How About Them Apples: Will Rivalry Game Survive Beyond 2028?

The Huskies and Cougars have five years to show they care about this match-up.
Grady Gross celebrates kicking a game-winning field goal to decide the 2023 Apple Cup.
Grady Gross celebrates kicking a game-winning field goal to decide the 2023 Apple Cup. / Joe Nicholson-Imagn Images

Five years ago, the COVID pandemic wiped out the Apple Cup, preventing Washington and Washington State from playing a football game against each other for the first time in three quarters of a century, since World War II prevented them from meeting in 1944.

Five years from now, no cross-state rivalry game is scheduled, and not necessarily because anyone fears another outbreak of germs or warfare.

The question is simply this: will anyone care?

"I don't know," Husky coach Jedd Fisch said candidly this week.

Texas and Texas A&M went different directions after 2011 -- after meeting on the football field 118 times -- when they split off into different conferences, with the latter heading for the SEC and leaving the Longhorns behind in the Big 12.

With both members of the SEC now, the Aggies and 'Horns will play in late November for the first time in a dozen years.

Meantime, Iowa and Iowa State continue to battle it out for state pride, while competing in different conferences.
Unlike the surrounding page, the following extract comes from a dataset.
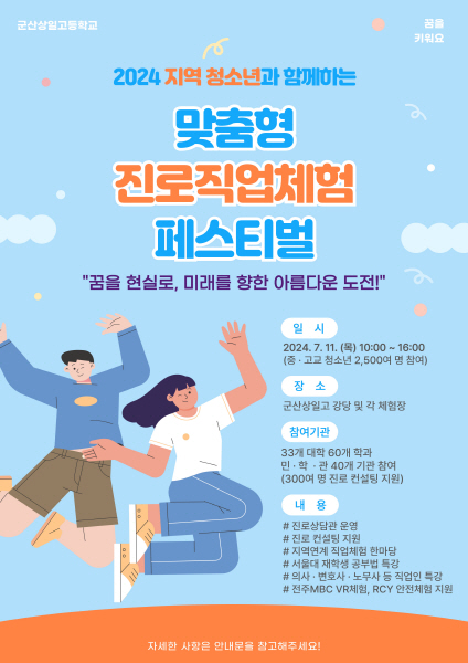 군산상일고등학교(교장 임영근)는 오는 11일 ‘꿈을 현실로, 미래를 향한 아름다운 도전!’을 주제로 지역 청소년과 함께하는 맞춤형 진로·직업체험 페스티벌을 개최한다.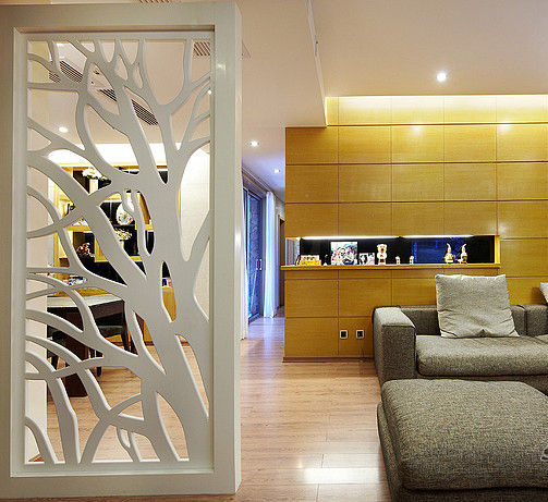而要是采用具有磨砂質感的板門,有著一種透光和朦朧強烈的視覺效果。磨砂門的裝飾效果非常出眾,能夠成為整個空間里的另一種風景。其實還可以利用些軟性的裝飾,比如線簾來進行空間的分割把就餐區(qū)和客廳明確的風格,成就了一個另類的軟性隔斷。那么,接下來我們就來欣賞一下到底什么樣的隔斷適合您的客廳吧。

They've played every season since 1977, with the exception of the COVID interruption four years ago, because the game matters in Middle America.

However, Colorado and Nebraska met for 62 consecutive years through 2010, went their separate ways conference-wise, had a seven-year gap in the series and have now met four times in the past seven years in an effort to rekindle what they once had.

"I know it will depend on what everyone's appetite is to be able to schedule these games in the future," Fisch said.

Once the Pac-12 broke up, leaving WSU in and the UW out, the schools rushed to sign a five-year contract to preserve the rivalry through 2028, yet even that symbolic move showed how quickly college football trends and opinions can unravel.

Troy Dannen and Pat Chun sat down and negotiated the deal as the respective athletic directors on behalf of the Huskies and Cougars.

They hammered out a plan in which the teams would meet Saturday at Lumen Field, a neutral site, and then alternate the game on campus for the next four years, beginning in Pullman in 2025. After that, no promises.

Dannen was so passionate about all of this he quit after eight months on the job at the UW and moved to Nebraska to become its athletic director and Chun left WSU -- to replace Dannen in Montlake.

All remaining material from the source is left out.